Task objective -
Repeat every line of the data exactly; the pictures stay out.

Recorded data START

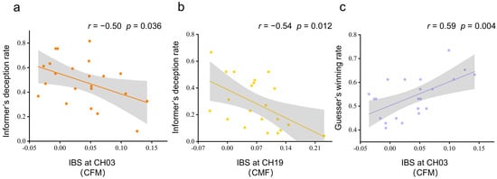Correlations between behavioral results and IBS. (a) Pearson’s correlation between IBS at CH03 and the informer’s deception for the CFM group. (b) Pearson’s correlation between IBS at CH19 and the informer’s deception for the CMF group. (c) Pearson’s correlation between IBS at CH03 and the guesser’s winning rate for the CFM group. The gray area indicates the 95% confidence interval.
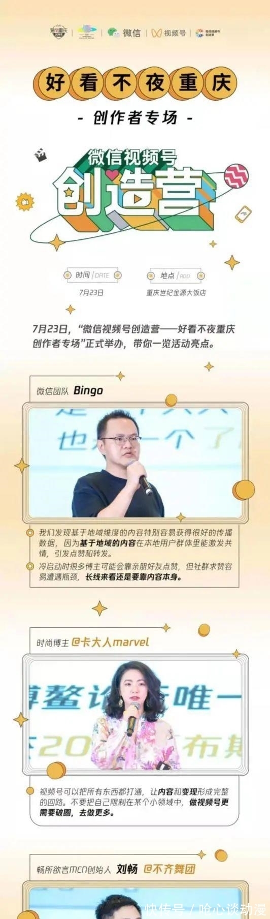 7月23日,“微信视频账号创建营——重庆创客专场”正式启动。近300名视频账号创建者和商旅文体产业代表齐聚山城,共商视频共创新机遇,分享最美山城夜景。
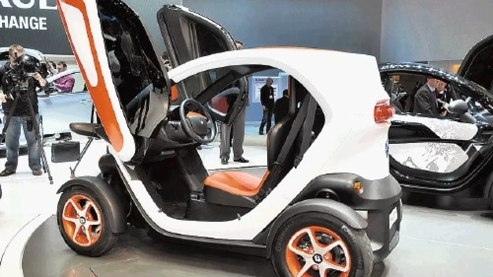 Mestnim gnečam in mlajšim (tudi po srcu) uporabnikom je namenjena avtomobilsko-motociklistična dvosedežna kombinacija twizy. Za voznikom sedi sopotnik (noge porine ob obeh straneh naprej), ki mora imeti kljub naprej dvigajočim se vratom za lezenje nazaj precej gimnastično telo. Električni motor so pripravili za počasnejšo različico (do 45km/h), da ga bodo lahko vozili tudi mlajši od šestnajst let brez vozniškega izpita za avto. Če špekuliramo s francosko ceno in podobnimi (pričakovanimi) državnimi subvencijami na električna vozila, bi pri nas znal stati okoli sedem tisoč evrov.

Recorded data END

Exercise answer -
Correlations between behavioral results and IBS. (a) Pearson’s correlation between IBS at CH03 and the informer’s deception for the CFM group. (b) Pearson’s correlation between IBS at CH19 and the informer’s deception for the CMF group. (c) Pearson’s correlation between IBS at CH03 and the guesser’s winning rate for the CFM group. The gray area indicates the 95% confidence interval.
 7月23日,“微信视频账号创建营——重庆创客专场”正式启动。近300名视频账号创建者和商旅文体产业代表齐聚山城,共商视频共创新机遇,分享最美山城夜景。
 Mestnim gnečam in mlajšim (tudi po srcu) uporabnikom je namenjena avtomobilsko-motociklistična dvosedežna kombinacija twizy. Za voznikom sedi sopotnik (noge porine ob obeh straneh naprej), ki mora imeti kljub naprej dvigajočim se vratom za lezenje nazaj precej gimnastično telo. Električni motor so pripravili za počasnejšo različico (do 45km/h), da ga bodo lahko vozili tudi mlajši od šestnajst let brez vozniškega izpita za avto. Če špekuliramo s francosko ceno in podobnimi (pričakovanimi) državnimi subvencijami na električna vozila, bi pri nas znal stati okoli sedem tisoč evrov.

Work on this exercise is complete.